怒りに対処するとき、大事なのは怒りの原因となる相手の一次感情に寄り添うことです。

(例)

3人の飲食席で自分だけ水が出されなかったので怒っている人(相手)がいるとします。

この場合、もちろん相手の怒りそのものではなく、怒りの原因である一次感情を考えます。

怒りの原因は水がないことではなく、「3人いるのに自分だけぞんざいに扱われている」悲しみです。
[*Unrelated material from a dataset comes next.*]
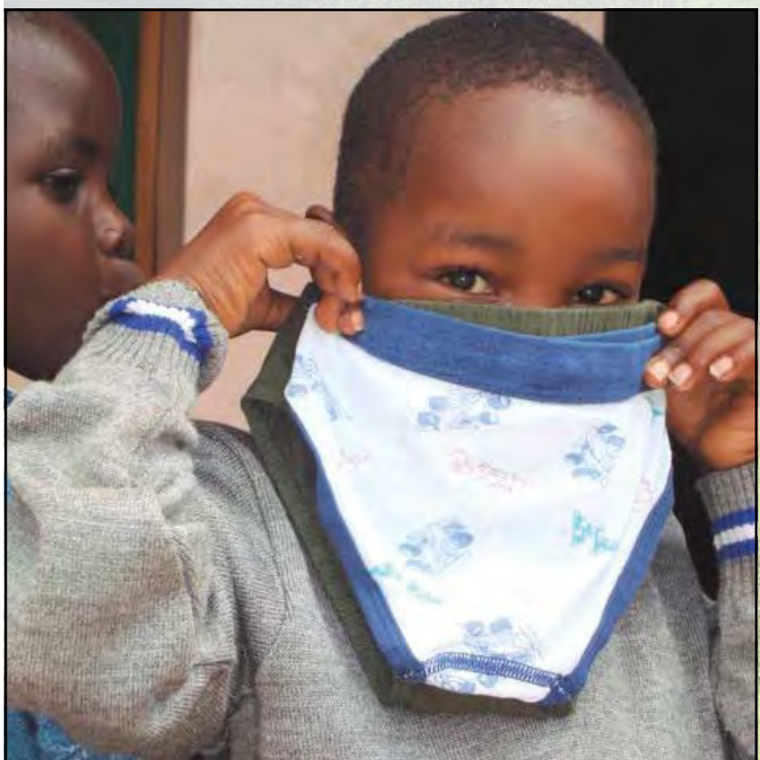
Trots op zijn nieuwe onderbroeken.

つまり、怒りの原因となる一次感情は悲しみであり、「粗末な対応をされたこと」です。

よってこの場合、謝罪や丁寧な対応が、相手の一次感情に寄り添うことになります。

「アンガーマネジメント」の要約内容を活用して相手に寄り添う人のイメージ

怒りに対応するのではなく、怒りの一次感情に寄り添うことがポイントです。

また、怒っている相手には、アドバイスではなく共感が効果的です。

【まとめ】

怒りのコントロール方法が紹介された書籍「アンガーマネジメント」の要約まとめです。

「アンガーマネジメント」要約まとめ
  1. 怒りをコントロールする術を身に着ける
  2. やがて心理的安全性が生まれ、生産性が高まる

(青字タップで項目へ)

  1. (怒ったときに)数値化する
  2. (怒ったときに)言葉を決めておく
  3. (怒ったときに)深呼吸する
  1. 記録(アンガーログ)
  2. 分類(ストレスログ)
  3. 自己受容(サクセスログ)
心理的安全性が保たれている現場の特徴
  1. 自己開示(心が開ける)
  2. 自己表現(自分の言葉で話せる)
  3. 自己認識(自分はここにいて良いと思える)

Google が実施した4年に及ぶ研究結果。

心理的安全性によって生産性の高まりが実証されたことで、怒りのコントロールはますます重要化されました。

学校の授業などで習いたい内容ですね。